## Input material
*****
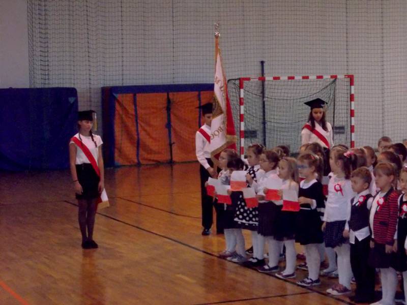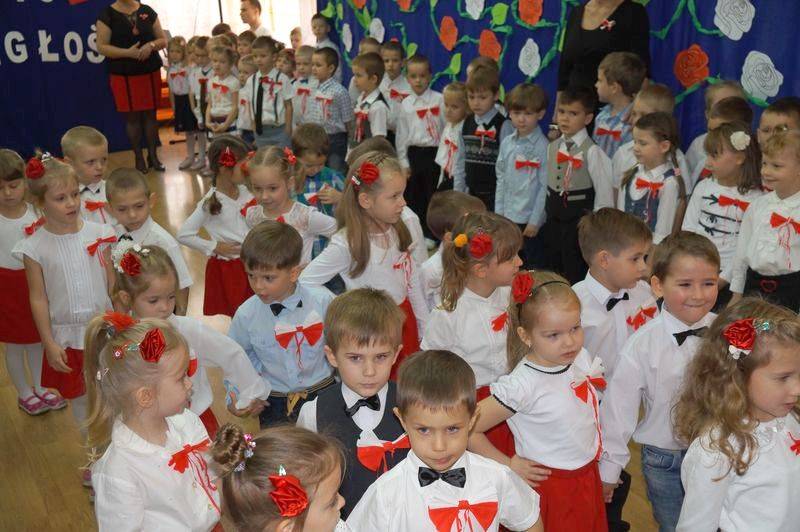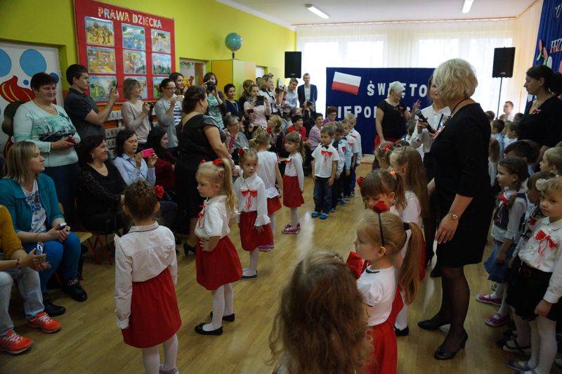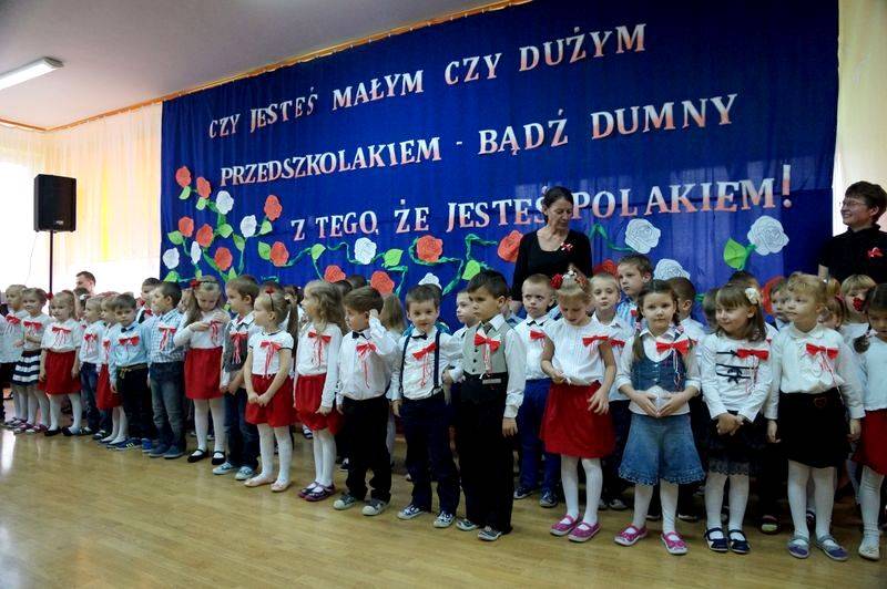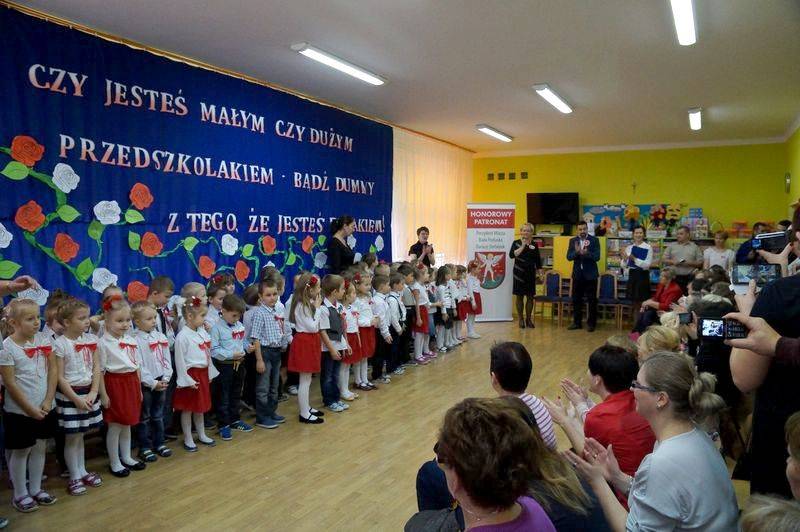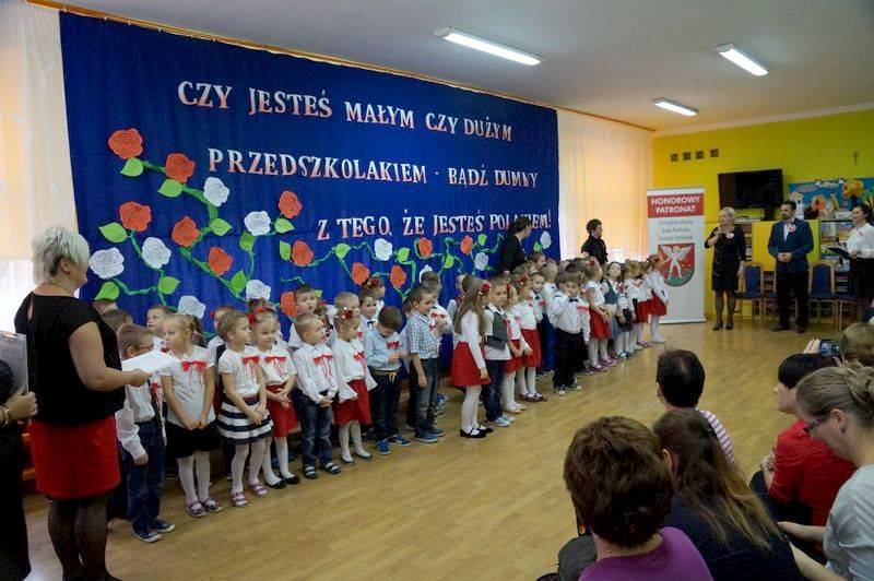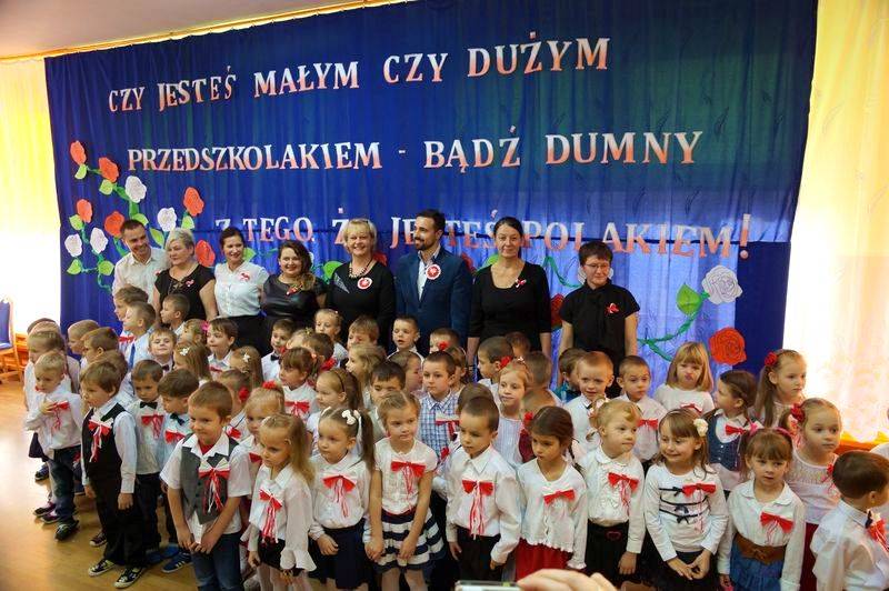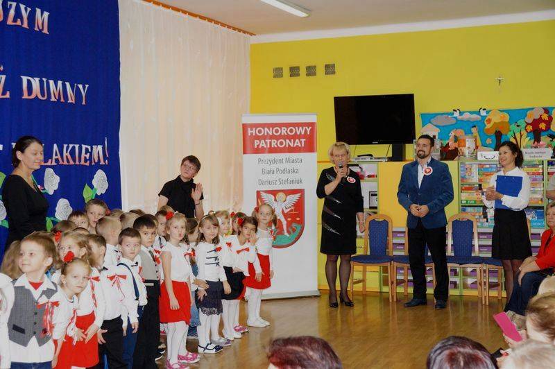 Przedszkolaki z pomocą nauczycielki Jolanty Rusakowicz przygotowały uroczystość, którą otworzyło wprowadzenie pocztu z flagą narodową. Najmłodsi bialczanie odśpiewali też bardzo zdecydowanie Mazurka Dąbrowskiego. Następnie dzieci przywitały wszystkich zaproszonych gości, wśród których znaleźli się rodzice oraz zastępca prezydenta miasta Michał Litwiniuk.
*****
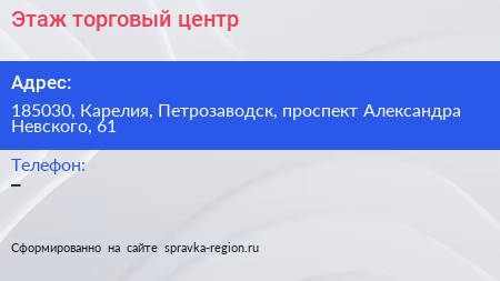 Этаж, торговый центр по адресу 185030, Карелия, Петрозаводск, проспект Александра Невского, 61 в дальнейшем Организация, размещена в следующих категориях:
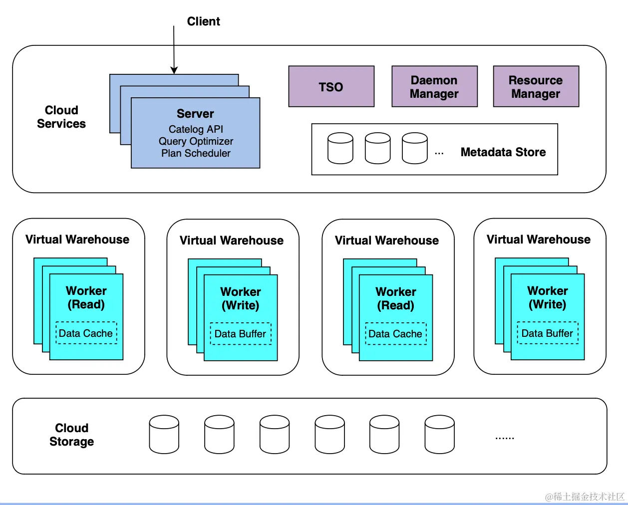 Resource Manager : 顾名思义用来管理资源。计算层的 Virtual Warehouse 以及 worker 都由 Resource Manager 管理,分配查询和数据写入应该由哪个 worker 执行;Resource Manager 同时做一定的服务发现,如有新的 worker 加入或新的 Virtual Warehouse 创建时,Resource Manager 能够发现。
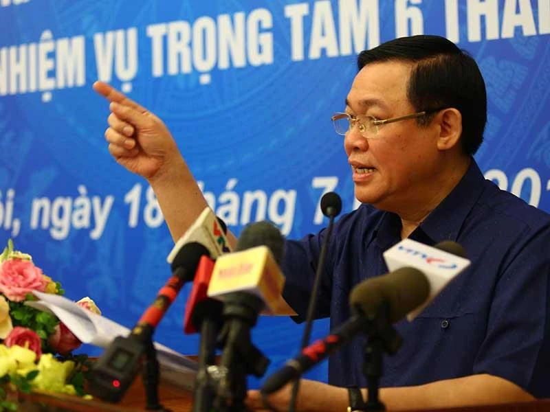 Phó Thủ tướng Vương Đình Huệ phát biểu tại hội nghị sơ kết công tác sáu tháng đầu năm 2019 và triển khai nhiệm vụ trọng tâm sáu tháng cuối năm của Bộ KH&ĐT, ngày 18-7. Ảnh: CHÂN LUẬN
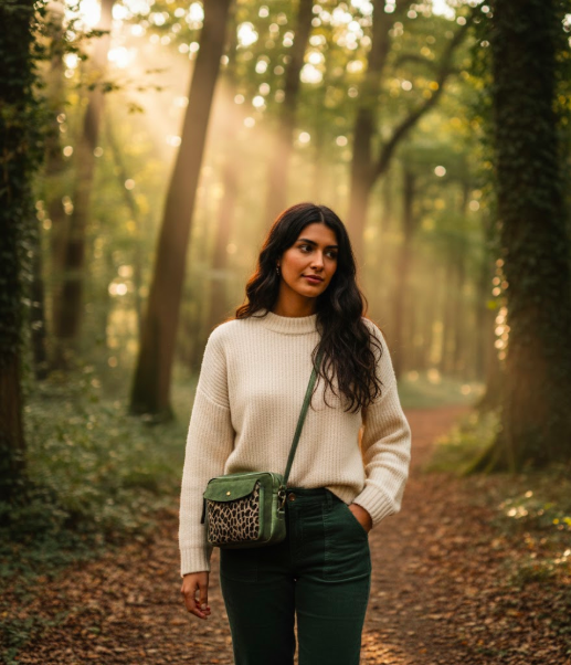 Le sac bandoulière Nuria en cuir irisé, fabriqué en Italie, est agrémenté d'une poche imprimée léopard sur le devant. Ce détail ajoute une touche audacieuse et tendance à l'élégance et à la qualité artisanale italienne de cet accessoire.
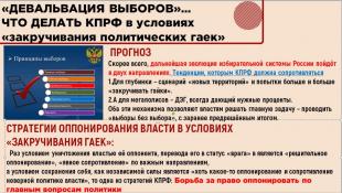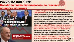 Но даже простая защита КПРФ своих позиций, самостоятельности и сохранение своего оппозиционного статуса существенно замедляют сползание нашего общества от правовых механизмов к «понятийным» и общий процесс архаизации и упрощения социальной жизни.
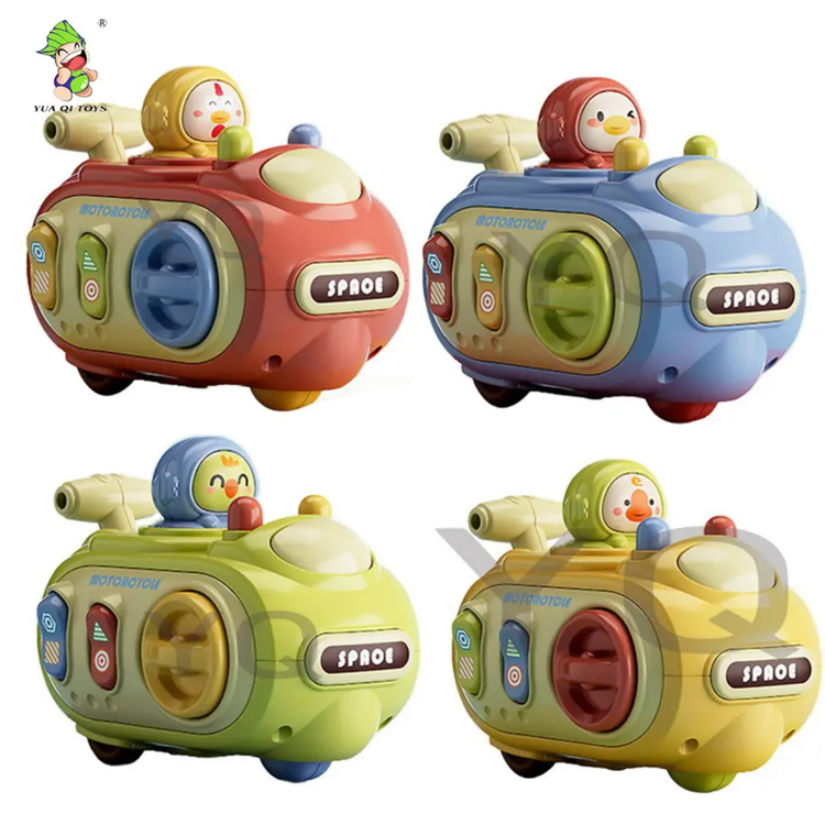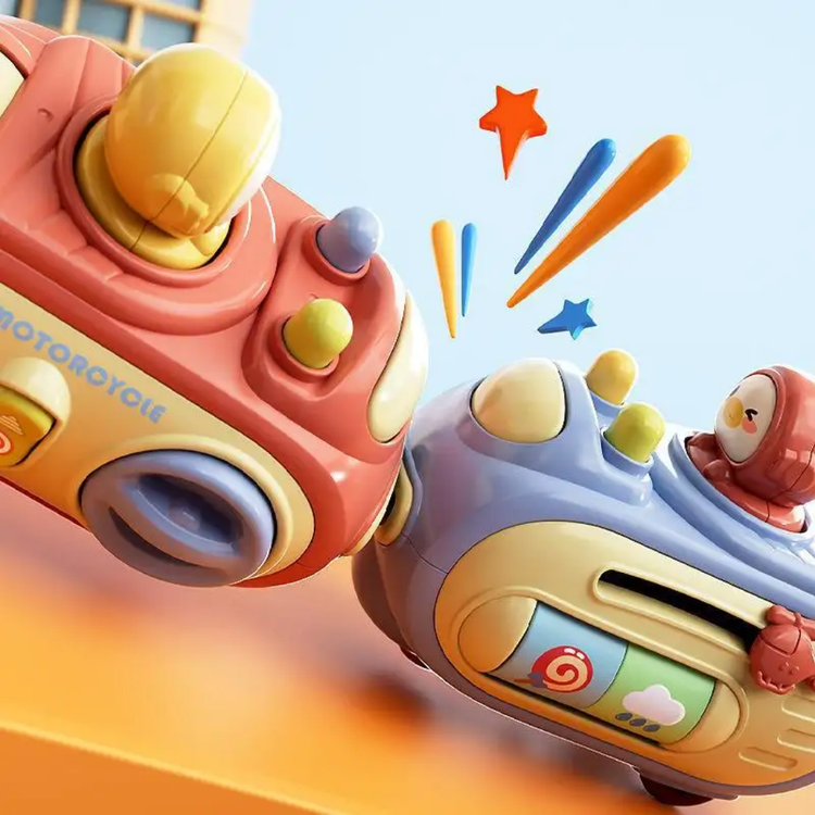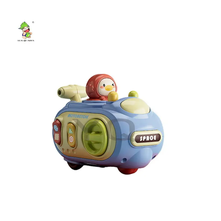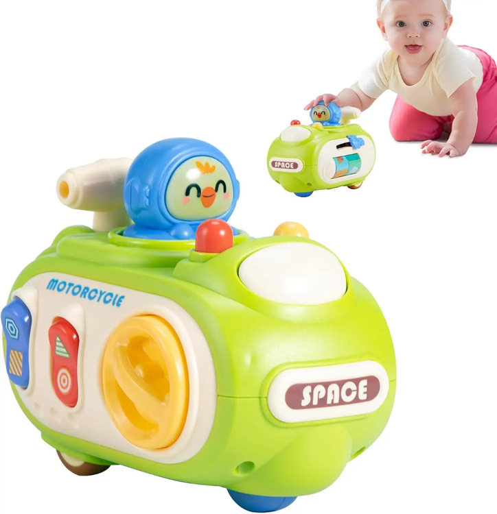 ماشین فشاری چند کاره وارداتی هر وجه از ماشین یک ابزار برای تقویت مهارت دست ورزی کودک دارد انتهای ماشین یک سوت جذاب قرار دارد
*****
## Brief
Extract, without any images, the part of the material above that opens with the line containing "Phó Thủ tướng" and closes with the line containing "Le sac bandoulière", both lines included.

## Written reply
 Phó Thủ tướng Vương Đình Huệ phát biểu tại hội nghị sơ kết công tác sáu tháng đầu năm 2019 và triển khai nhiệm vụ trọng tâm sáu tháng cuối năm của Bộ KH&ĐT, ngày 18-7. Ảnh: CHÂN LUẬN
 Le sac bandoulière Nuria en cuir irisé, fabriqué en Italie, est agrémenté d'une poche imprimée léopard sur le devant. Ce détail ajoute une touche audacieuse et tendance à l'élégance et à la qualité artisanale italienne de cet accessoire.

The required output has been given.